Scan the records below for the line with "This ring features" and the line with "Урочистою ходою з". Repeat those two lines and every line between them exactly, and nothing else.

===== Data provided =====

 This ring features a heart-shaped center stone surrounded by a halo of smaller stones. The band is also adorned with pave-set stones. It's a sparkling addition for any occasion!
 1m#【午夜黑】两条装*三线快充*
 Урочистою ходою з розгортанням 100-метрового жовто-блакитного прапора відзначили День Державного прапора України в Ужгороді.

=====
===== Data provided =====

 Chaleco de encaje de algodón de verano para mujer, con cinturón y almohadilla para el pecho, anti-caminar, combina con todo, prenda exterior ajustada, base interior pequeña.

=====
===== Data provided =====

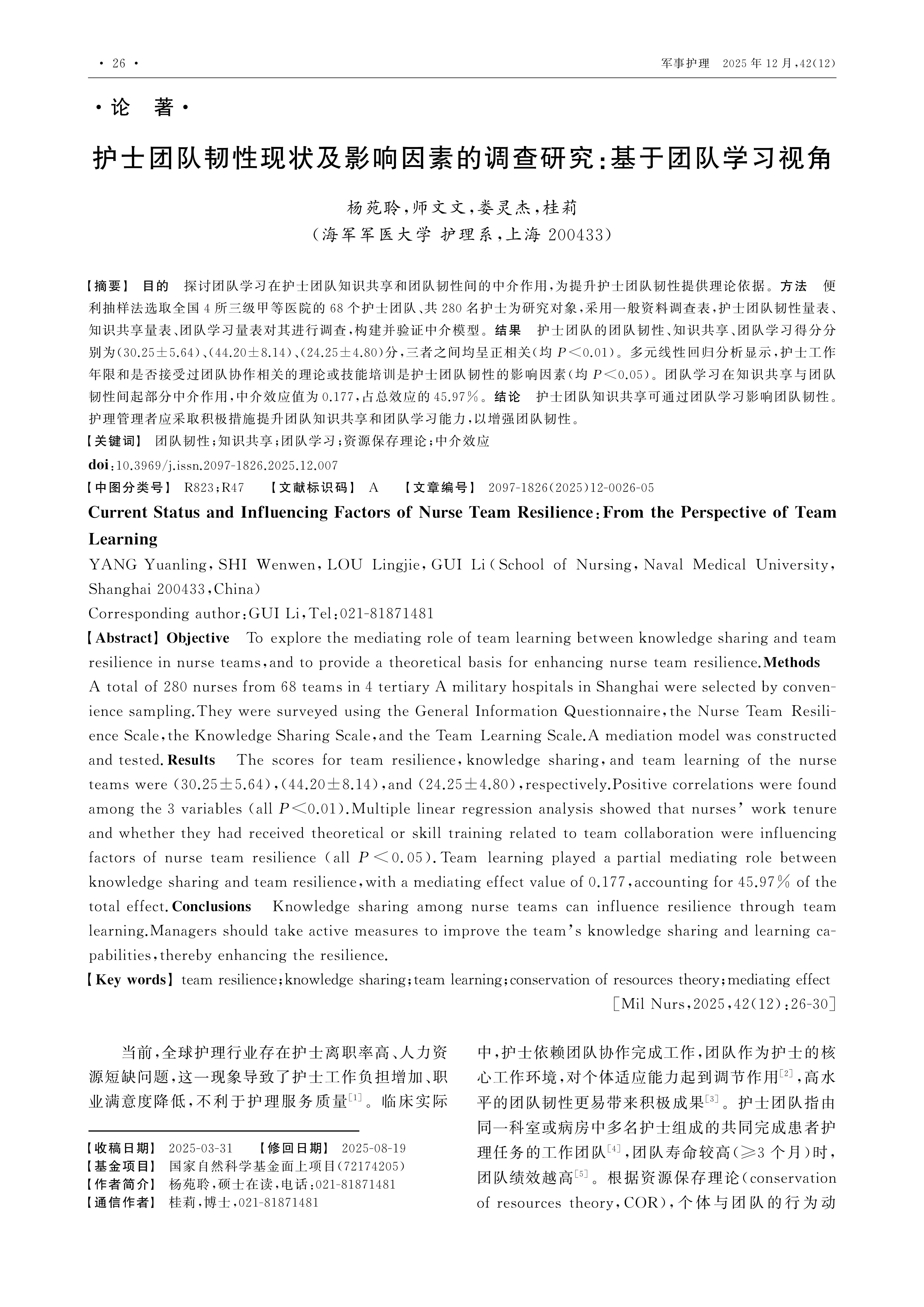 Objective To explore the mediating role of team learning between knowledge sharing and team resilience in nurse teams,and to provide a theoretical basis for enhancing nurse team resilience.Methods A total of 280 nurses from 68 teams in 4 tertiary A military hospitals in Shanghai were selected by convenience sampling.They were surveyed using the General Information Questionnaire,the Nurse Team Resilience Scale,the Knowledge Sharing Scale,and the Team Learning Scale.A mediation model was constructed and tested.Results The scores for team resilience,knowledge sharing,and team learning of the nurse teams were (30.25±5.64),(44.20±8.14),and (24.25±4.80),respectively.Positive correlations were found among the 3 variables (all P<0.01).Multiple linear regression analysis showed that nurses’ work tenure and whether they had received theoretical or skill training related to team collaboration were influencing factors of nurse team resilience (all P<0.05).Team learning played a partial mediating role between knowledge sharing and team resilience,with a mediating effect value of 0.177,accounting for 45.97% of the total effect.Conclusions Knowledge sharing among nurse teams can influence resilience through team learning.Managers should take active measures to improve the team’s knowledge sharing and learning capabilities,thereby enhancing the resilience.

=====

**Exercise result**.
 This ring features a heart-shaped center stone surrounded by a halo of smaller stones. The band is also adorned with pave-set stones. It's a sparkling addition for any occasion!
 1m#【午夜黑】两条装*三线快充*
 Урочистою ходою з розгортанням 100-метрового жовто-блакитного прапора відзначили День Державного прапора України в Ужгороді.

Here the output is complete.